Dominus Flevit (Latin, "the Lord wept") is a Roman Catholic church on the Mount of Olives, opposite the walls of the Old City of Jerusalem. During construction of the sanctuary, archaeologists uncovered artifacts dating back to the Canaanite period, as well as tombs from the Second Temple and Byzantine eras.

History 
According to the 19th chapter of the Gospel of Luke, Jesus, while riding toward the city of Jerusalem, becomes overwhelmed by the beauty of the Second Temple and predicting its future destruction, and the diaspora of the Jewish people, weeps openly (an event known as Flevit super illam in Latin). ()

The present church of Dominus Flevit is built upon the foundations of an earlier Byzantine church, which, like most churches, faced east. It was during the Crusader era that people began commemorating the location. After the fall of Jerusalem in 1187, the church fell into ruin. In the early sixteenth century a mosque or madrasah existed at the site, presumably built by the Turks, from the remains of the earlier church, although the exact use is disputed. This place was known as el Mansouriyeh (The Triumphant) and also el Khelweh (The Hermitage).

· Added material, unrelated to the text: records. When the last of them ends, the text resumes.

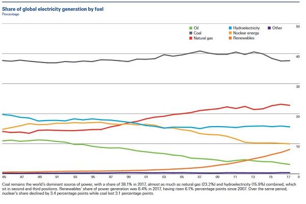 Coal remains the world’s dominant source of power, with a share of 38.1% in 2017, almost as much as natural gas (23.2%) and hydroelectricity (15.9%) combined, which sit in second and third positions. Renewables’ share of power generation was 8.4% in 2017, having risen 6.1% percentage points since 2007. Over the same period, nuclear’s share declined by 3.4 percentage points while coal lost 3.1 percentage points.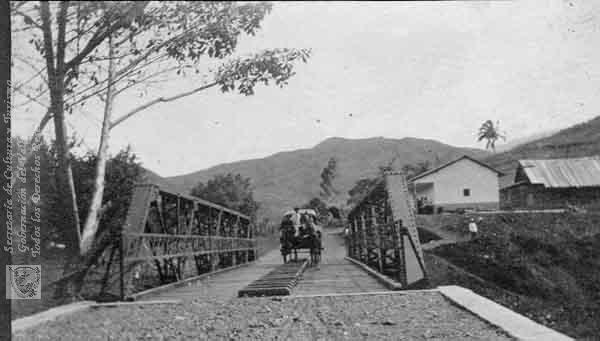 Coche cruzando el puente sobre el río Aguacatal. Santiago de Cali, 1921.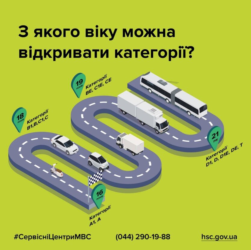 Як повідомляє Головний сервісний центр МВС, мопедами та мотоциклами можна керувати з 16 років, легковими автомобілями та вантажівками — з 18 років. Для категорій BE та CE (транспорт з причепом понад 750 кг) мінімальний вік становить 19 років, для автобусів категорії "D" — 21 рік.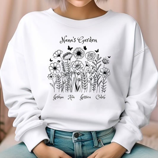 Personalized Nana's Garden Floral Sweatshirt - Ideal Grandma Gift with Grandkids Names: Unique & Sentimental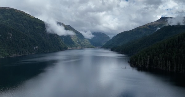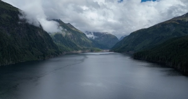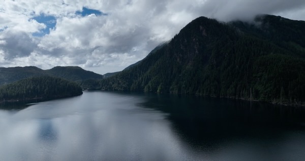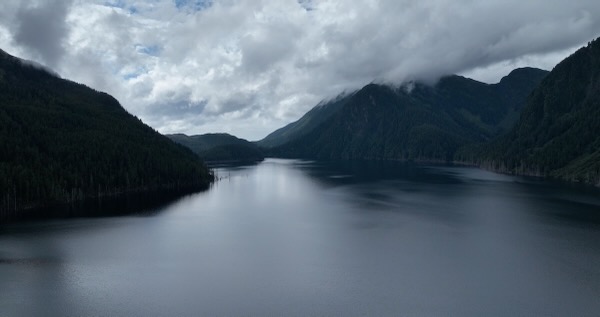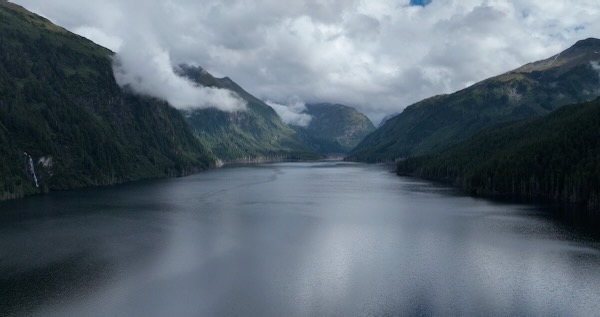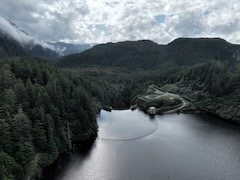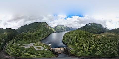 Flight over dam then looks down Blue Lake

The Franciscans were unable to obtain the ruins, so, in 1891 they purchased a small plot of land nearby and built a small chapel there. In 1913 a small private home was built in front of the Franciscan chapel by one Miss Mellon. This home eventually passed to the Sisters of St. Joseph, who eventually sold it to a Portuguese woman.

Archaeology
In 1940, the Benedictine Sisters sold part of the property to the Franciscans. The old boundary wall was moved at this time to make the division. In 1953 the Franciscans began construction of another wall. While digging the foundations, workers unearthed ancient tombs. Excavations began at the site, led by Fr. Bellarmino Bagatti, OFM.

Tombs
A Canaanite tomb from the Late Bronze Age, as well as a necropolis used from 136 BC to AD 300 were discovered. The necropolis spanned two separate periods, characterized by differing tomb styles. The earlier Second Temple era tombs were of the kokh style, while the Byzantine era section was composed of tombs with arcosolium from the 3rd and 4th centuries AD. A Byzantine monastery from the 5th century was also discovered. Mosaics from this monastery still remain at the site.

Byzantine mosaic
The Byzantine mosaic floor, dating to the beginning of the seventh century CE. The floor is surrounded by ribbons and wave motifs. The centre of the carpet is divided by squares containing round frames. The circles contain fruit, vegetables, flowers and fish. The Byzantine mosaic attest to the importance of agriculture for the people of the period. The motifs reflect the developed and progressive agriculture of Byzantine Palestine including Jerusalem. Some images also contain unique elements, as for instance luffa for the producing of bathing sponges, edible Snakes Melons, and figs tied by a blue string. Parts of the Byzantine mosaic can also be seen inside the modern church building, with a limestone slab bearing a large cross in the middle (fig. 2 in the gallery below).

Architecture
Located on the western slope of the Mount of Olives, the church was designed and constructed between 1953 and 1955 by the Italian architect Antonio Barluzzi and is held in trust by the Franciscan Custody of the Holy Land. Dominus Flevit, which translates from Latin as "The Lord Wept", was fashioned in the shape of a teardrop to symbolize the tears of Christ.

Picture gallery

References

External links 

 Dominus Flevit: history of the site
 Dominus Flevit — Jerusalem Photos Portal
 The Franciscan Custody of the Holy Land
 VR Panoramic Images of Dominus Flevit Church 
Photos of the Dominus Flevit Church at the Manar al-Athar photo archive

Further reading 
 Bellarmino Bagatti and Milik, 1968. Gli scavi del Dominus Flevit An account of the excavations, 1953–55.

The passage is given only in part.